Colonoscopy performed within 24 hours of lower gastrointestinal bleeding appears safe and well tolerated but does not appear to improve a number of important clinical outcomes when compared with elective colonoscopy, according to the findings of a systematic review and meta-analysis.

Such “urgent colonoscopy” may, however, reduce hospital length of stay and cost, Abdul M. Kouanda, MD , of the University of California, San Francisco, and his colleagues reported online in Gastrointestinal Endoscopy.

In a pooled analysis of data from 12 studies with a total of 10,172 patients who underwent urgent colonoscopy, and 14,224 patients who underwent elective colonoscopy, the former was associated with increased use of endoscopic therapeutic interventions, compared with elective colonoscopy (relative risk, 1.70), but not with improved bleeding source localization (RR, 1.08), adverse event rates (RR, 1.05), rebleeding rates (RR, 1.14), transfusion requirements (RR, 1.02), or mortality (RR, 1.17), the investigators found (Gastrointest Endosc. 2017 Feb 4. doi: 10.1016/j.gie.2017.01.035 ).

The findings are based on nine studies from the United States, two from Japan, and one from Spain. Nine were retrospective cohort studies, two were randomized controlled trials, and one was a prospective cohort study.

With respect to the 70% greater use of therapeutic interventions with urgent colonoscopy, a subanalysis showed that the difference between urgent and elective colonoscopy was evident only in the randomized trials; no difference was seen in the prospective trials. With further stratification of urgent colonoscopy into procedures performed within 12 hours, the observation of increased therapeutic interventions was no longer statistically significant (RR, 3.46), they said.

As for bleeding source localization, the outcomes remained similar when retrospective studies were analyzed separately, and with colonoscopy performed within 12 hours. Blood transfusions decreased with urgent colonoscopy when only retrospective studies were analyzed (RR, 0.84).

The investigators noted that there was a trend toward decreased length of hospital stay among those undergoing urgent colonoscopy (mean of 4.8 days vs. 6.4 days with elective colonoscopy). Only two studies looked at cost: One showed a decrease in hospital costs with urgent vs. elective colonoscopy, while one showed no difference.

“In our pooled analysis, the mean hospital costs in the urgent colonoscopy group were $24,866, compared with $27,691 in the elective group; however, the difference between the two was not statistically significant,” they wrote.

The annual incidence of lower gastrointestinal bleeding (LGIB) in the United States is 20.5-35.7 out of 100,000 patients, and the incidence increases with age; there is a 200-fold increase in incidence from the 3rd to 9th decade of life, the investigators said, adding that the incidence is rising as the population ages.

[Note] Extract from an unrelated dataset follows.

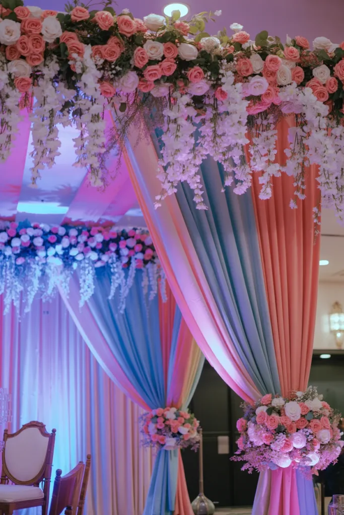 For a grand party, I frame the stage with pastel drapes, hanging flowers, and a garland of pink blooms across the top. Layered uplighting in cool and magenta tones highlights the flowers and creates a royal vibe.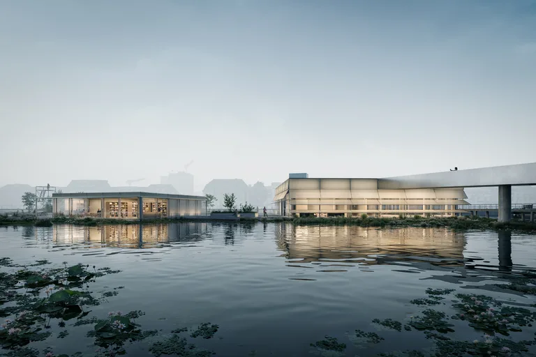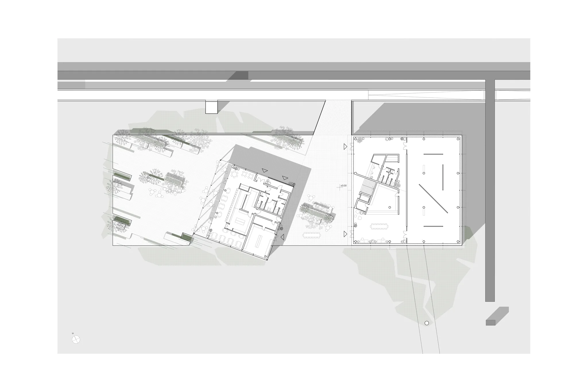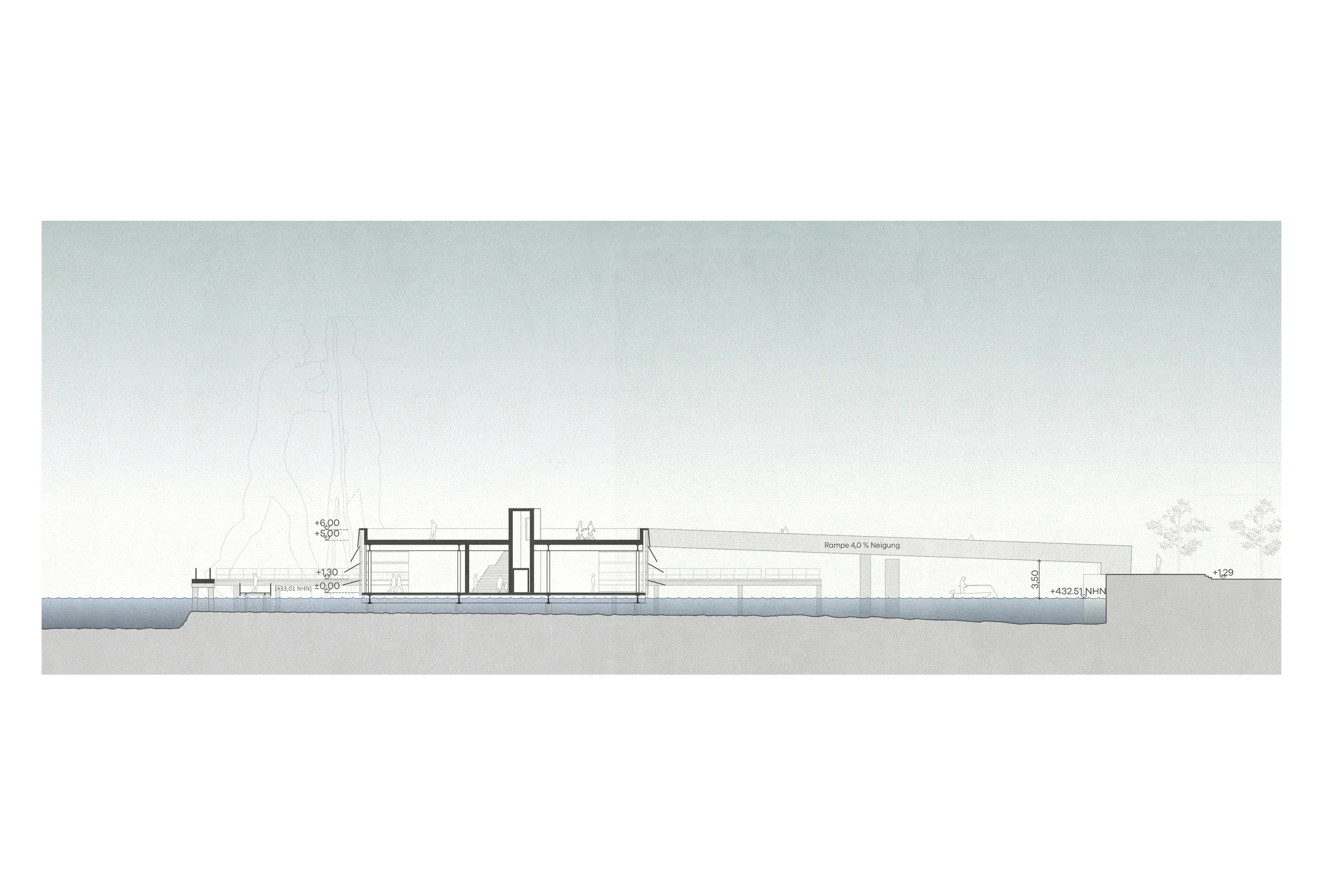 Der Zugang erfolgt über das begehbare Dach, das selbst Teil des Rundgangs ist: ein Ort des Ausblicks, der Information, der Begegnung unter freiem Himmel. Auf Plattformebene öffnet sich das Gebäude mit Café und Freizeitflächen zum Wasser. Das Museum wird so nicht nur Denkraum, sondern Teil einer urbane architektur, die öffentlichen Raum gestaltet und die Stadtgesellschaft einlädt.

“Such a trend has important implications for both the quality of care for treating LGIB and the associated costs to the overall U.S. health care system,” they wrote, noting that while colonoscopy is appropriate for evaluating LGIB in most cases, no clear consensus exists with respect to timing of colonoscopy.

Even a recent American Society for Gastrointestinal Endoscopy guideline recommending that initial colonoscopy for severe and hemodynamically stable hematochezia be performed within 8-24 hours of admission is based only on moderate-quality level evidence that is “fraught with a number of limitations,” they wrote.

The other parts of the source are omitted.